Note that every plate appearance appears \(p=12\) times in pbp_counts_tidy: one row for each count. To compute the average change in expected runs (i.e., the mean run value), we have to filter() for only those plate appearances that actually passed through that count. Then we simply apply our group_by()-summarize() operation as before. Thus, in the mean() operation, the data is limited to only those plate appearances that have gone through each particular ball-strike count.

run_value_by_count <- pbp_counts_tidy |>
  filter(passed_thru) |>
  group_by(count) |>
  summarize(
    num_ab = n(), 
    value = mean(run_value)
  )

Finally, we can then update our count_plot to use these new data instead of the old mussina data. To do this, we have to re-compute the balls and strikes based on the count variable. We can do this by picking out the values of balls and strikes using the str_sub() function. We use the scale_fill_gradient2() function again to reset our diverging palette to colors more appropriate for these data (i.e., a midpoint at 0).

run_value_by_count <- run_value_by_count |>
  mutate(
    balls = str_sub(count, 2, 2), 
    strikes = str_sub(count, 3, 3)
  )

count_plot %+% 
  run_value_by_count + 
  scale_fill_gradient2(
    "xRV", low = "grey10", high = crcblue,
    mid = "white"
  )
Figure 6.2: Average change in expected runs for plate appearances passing through each ball/strike count. Values estimated on data from the 2016 season.

By glancing at the values and color shades in Figure 6.2, one can construct reasonable definitions for the terms “hitter’s count” and “pitcher’s count”. Note that since all plate appearances pass through the 0-0 count, the average change in expected run value for this count is approximately 0. Ball/strike counts can be roughly divided in the following four categories6:

  • Pitcher’s counts: 0-2, 1-2, 2-2, 0-1;
  • Neutral counts: 0-0, 1-1;
  • Modest hitter’s counts: 3-2, 2-1, 1-0;
  • Hitter’s counts: 3-0, 3-1, 2-0.

6.2.4 The importance of the previous count

In the previous section we calculated run values for any ball/strike count.
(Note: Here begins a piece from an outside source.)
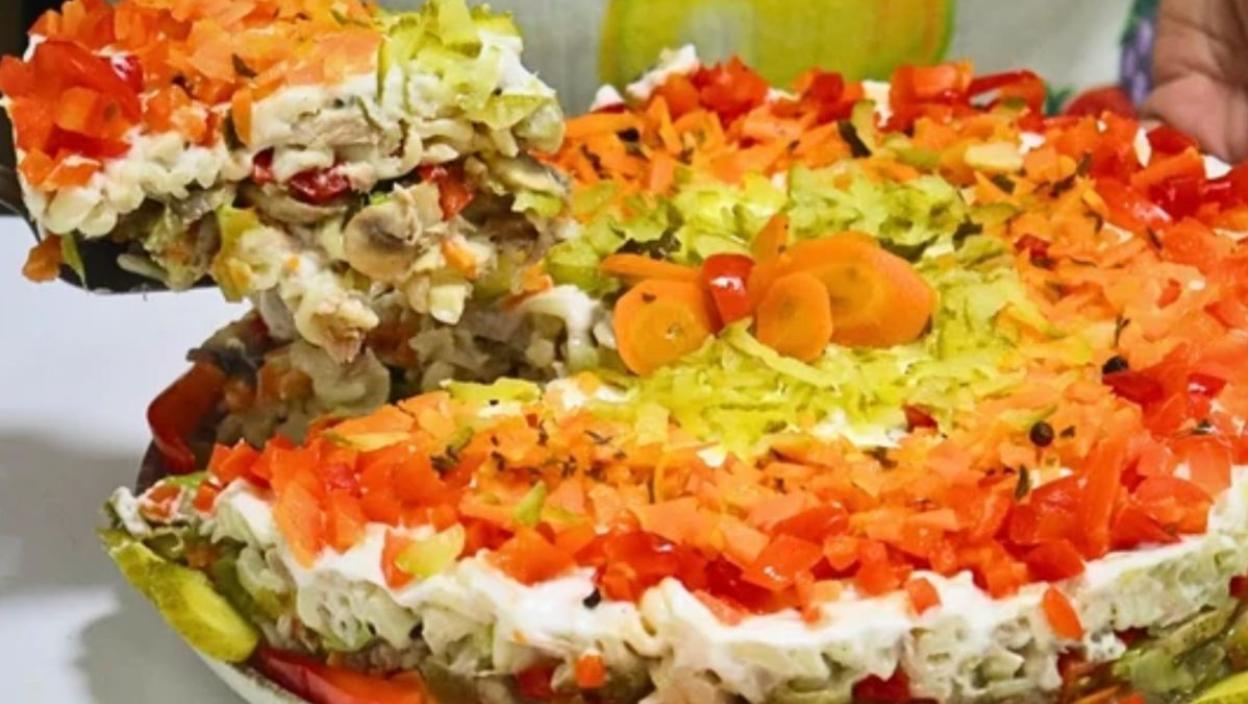 Propržite praziluk i šampinjone na malo ulja i dodajte začine. Iseckajte paprike, krastavčiće i šargarepu. U veliku činiju sipajte prohlađene makarone, pa dodajte tunjevinu, krastavčiće i majonez, i sve lepo sjedinite.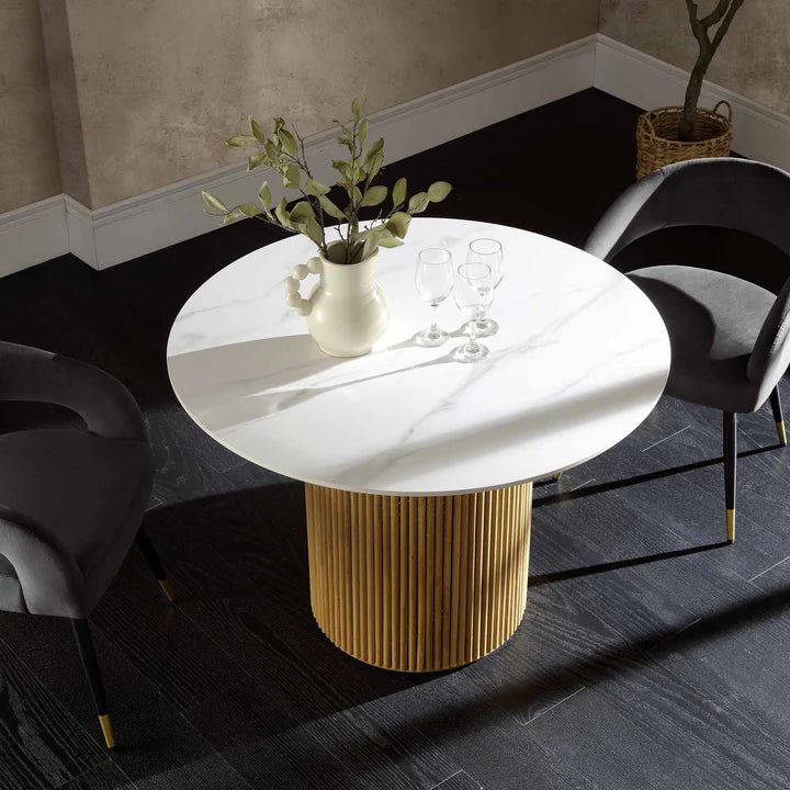 Apportez une touche moderne et élégante à votre salle à manger avec la table Maru, disponible en trois dimensions pour s’adapter à votre espace : 120 cm, 100 cm, et 90 cm de diamètre.

In performing this calculation we simply looked at whether a plate appearance went through a particular count, without considering how it got there. In other words, we considered, for example, all the at-bats going through a 2-2 count as having the same run expectancy, no matter if the pitcher started ahead 0-2 or fell behind 2-0. The implicit assumption in these calculations is that the previous counts have no influence on the outcome on a particular count7. However, a pitcher who got ahead 0-2 is likely to “waste some pitches”. That is, he would likely throw a few balls out of the strike zone with the sole intent of inducing the batter (who cannot afford another strike) to swing at them and possibly miss or make poor contact. On the other hand, with a plate appearance starting with two balls, the batter has the luxury of not swinging at strikes in undesirable locations and waiting for the pitcher to deliver a pitch of his liking.

Given the above discussion, it would seem that the run expectancy on a 2-2 count would be higher if the plate appearance started with two balls than if the pitcher started with a 0-2 count. Let’s investigate if there is numerical evidence to actually support this conjecture.

We begin by taking the subset of plays from the 2016 season that went through a 2-2 count and calculating their mean change in expected run value.

count22 <- pbp2016 |>
  filter(c22 == 1)
count22 |>
  summarize(
    num_ab = n(), 
    mean_run_value = mean(run_value)
  )
# A tibble: 1 × 2
  num_ab mean_run_value
   <int>          <dbl>
1  44254        -0.0368

Using the case_when() function, we create a new variable after2 denoting the ball/strike count after two pitches and calculate the mean run value for each of the three possible levels of after2.

count22 |>
  mutate(
    after2 = case_when(
      c20 == 1 ~ "2-0", 
      c02 == 1 ~ "0-2", 
      c11 == 1 ~ "1-1",
      TRUE ~ "other")
  ) |>
  group_by(after2) |>
  summarize(
    num_ab = n(), 
    mean_run_value = mean(run_value)
  )
# A tibble: 3 × 3
  after2 num_ab mean_run_value
  <chr>   <int>          <dbl>
1 0-2      9837        -0.0311
2 1-1     28438        -0.0376
3 2-0      5979        -0.0422

The above results appear to imply that plate appearances going through a 2-2 count after having started with two strikes are more favorable to the batter than those beginning with two balls.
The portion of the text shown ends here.